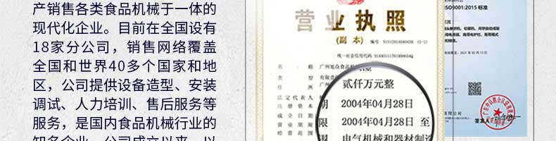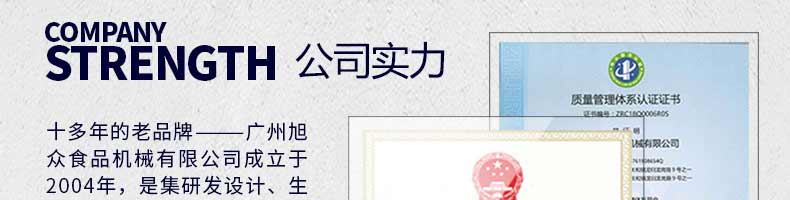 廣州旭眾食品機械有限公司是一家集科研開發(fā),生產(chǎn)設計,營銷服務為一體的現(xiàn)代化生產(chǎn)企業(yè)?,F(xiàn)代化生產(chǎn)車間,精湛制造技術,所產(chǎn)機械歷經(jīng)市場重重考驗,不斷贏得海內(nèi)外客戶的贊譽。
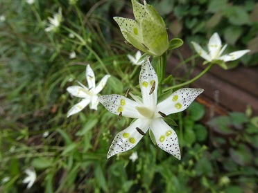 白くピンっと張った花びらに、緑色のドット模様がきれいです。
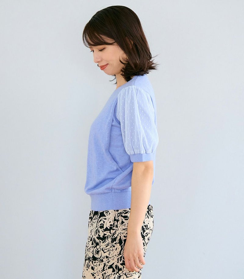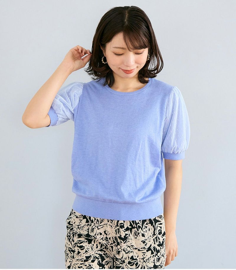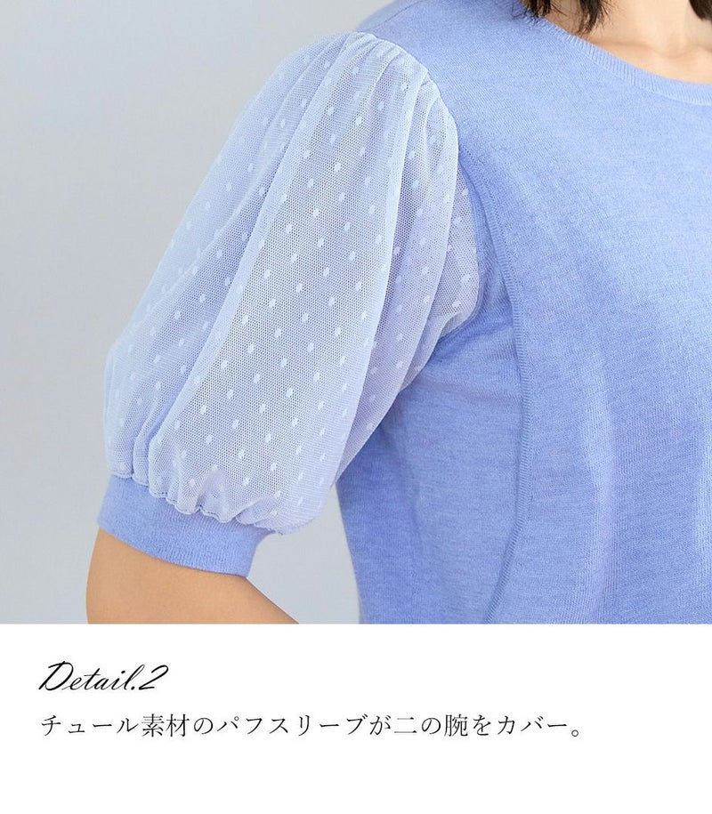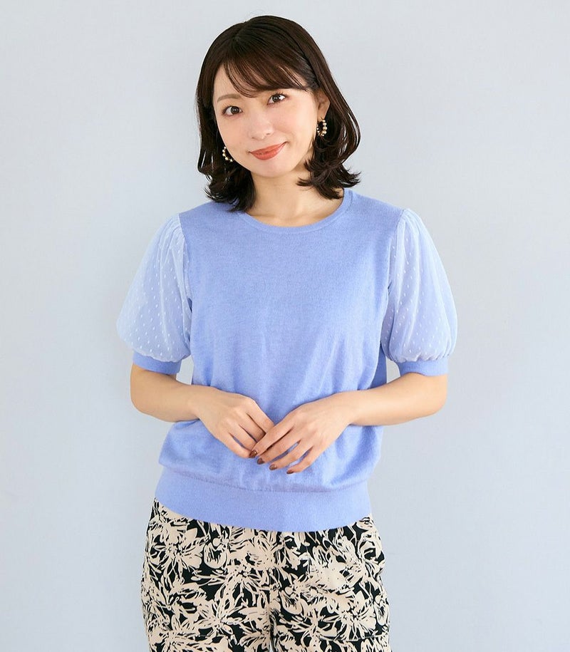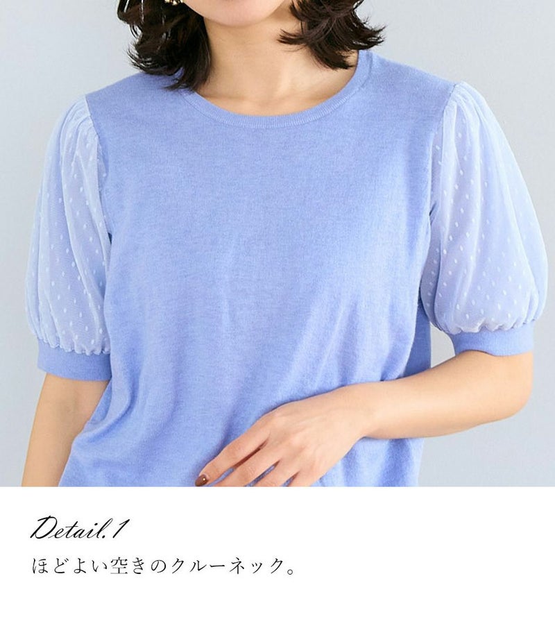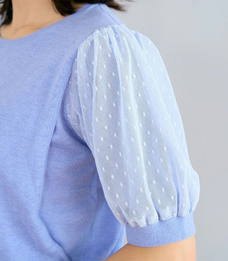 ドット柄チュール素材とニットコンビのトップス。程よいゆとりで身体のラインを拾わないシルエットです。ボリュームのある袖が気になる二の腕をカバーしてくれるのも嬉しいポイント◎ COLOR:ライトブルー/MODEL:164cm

# Your goal:
Please retype the data exactly. The pictures do not go in.

# Solution to the problem:
 廣州旭眾食品機械有限公司是一家集科研開發(fā),生產(chǎn)設計,營銷服務為一體的現(xiàn)代化生產(chǎn)企業(yè)?,F(xiàn)代化生產(chǎn)車間,精湛制造技術,所產(chǎn)機械歷經(jīng)市場重重考驗,不斷贏得海內(nèi)外客戶的贊譽。
 白くピンっと張った花びらに、緑色のドット模様がきれいです。
 ドット柄チュール素材とニットコンビのトップス。程よいゆとりで身体のラインを拾わないシルエットです。ボリュームのある袖が気になる二の腕をカバーしてくれるのも嬉しいポイント◎ COLOR:ライトブルー/MODEL:164cm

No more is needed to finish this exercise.